Tools & Integrations

Plausible & Umami APIs: Pulling Privacy-First Data Programmatically

Alicia Bennett
· · 11 min read
privacy-first analytics api

Most privacy-first analytics setups stop at the dashboard. You log in, check your numbers, and move on. But if you want to automate reporting, build custom dashboards, or feed analytics data into a pipeline — you need to talk to the API. The good news: both Plausible and Umami expose clean, well-documented REST APIs that make this straightforward.

In this guide I’ll walk you through authenticating with each tool, making your first requests, and understanding when you’d reach for one over the other. I’ll keep the examples concrete — real curl commands you can run today, adapted for a small pipeline at the end.

If you’re newer to the “why” behind privacy-first analytics, I’ve covered that in depth in why privacy-first analytics captures better data than Google Analytics. This article picks up where that one leaves off — at the API level.

What Makes a Privacy-First Analytics API Different

Before jumping into code, it’s worth naming what you’re getting by choosing a privacy-first analytics API over a proprietary one.

With GA4’s Data API, you’re querying sampled, cookie-based data behind OAuth2 flows that require service accounts and a Google Cloud project. Consent gaps mean missing data. Sampling kicks in on larger date ranges. And your data lives on Google’s infrastructure — full stop.

Plausible and Umami take a different position. Neither sets cookies. Neither fingerprints visitors. Both are open-source, which means you can audit exactly what data is collected — and, if you need it, self-host so the data never leaves your own servers. The APIs reflect this: simpler auth, straightforward JSON responses, and no sampling caveats to navigate.

That simplicity translates into faster integrations. In my experience helping teams migrate away from GA, the Plausible and Umami APIs are the part that surprises people most — you’re up and running in minutes, not hours.

privacy-first analytics api

Plausible Stats API: Authentication and Your First Query

Plausible uses a straightforward Bearer token for authentication. You generate the key from your account settings at plausible.io, then pass it in the `Authorization` header on every request. That’s it — no OAuth dance, no refresh tokens.

Getting Your API Key

Go to plausible.io/settings, navigate to the API Keys section, and create a new key.

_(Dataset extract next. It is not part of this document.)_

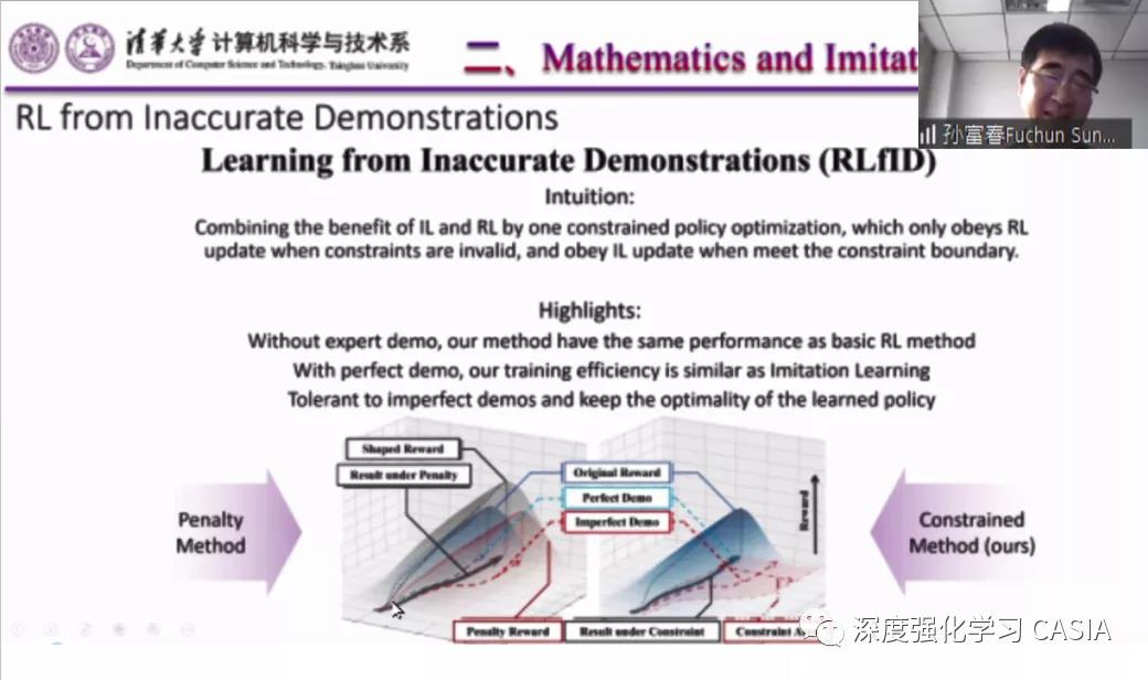 2021年1月23日,第五届深度强化学习理论与应用研讨会顺利举行。上午在中科院自动化所分组讨论交流了深度强化学习(DRL)与游戏,DRL与驾驶,DRL与机器人和自动机器学习。下午,邀请了几位报告人在Zoom会议室/Bilibili在线直播,分别从深度强化学习及相关的模仿学习、小样本学习、经验回放机制、智能驾驶应用,统计前向规划、联邦学习等不同角度进行了深入浅出的精彩分享。线上直播最高峰有1.2万人

Treat this like a password: store it in an environment variable, never in client-side code or version control.

Making a Query

The current endpoint is POST /api/v2/query (the older v1 GET endpoints are legacy — use v2 for any new work). You POST a JSON body describing what you want: which site, which metrics, what date range, and optionally filters or dimensions to break the data down.

Here’s a minimal example — total pageviews and unique visitors for the last 30 days:

curl -X POST https://plausible.io/api/v2/query \
  -H "Authorization: Bearer YOUR_API_KEY" \
  -H "Content-Type: application/json" \
  -d '{
    "site_id": "yourdomain.com",
    "metrics": ["pageviews", "visitors"],
    "date_range": "30d"
  }'

The response is JSON with a results array. For simple aggregate queries like this one, you get a single object with your metric values.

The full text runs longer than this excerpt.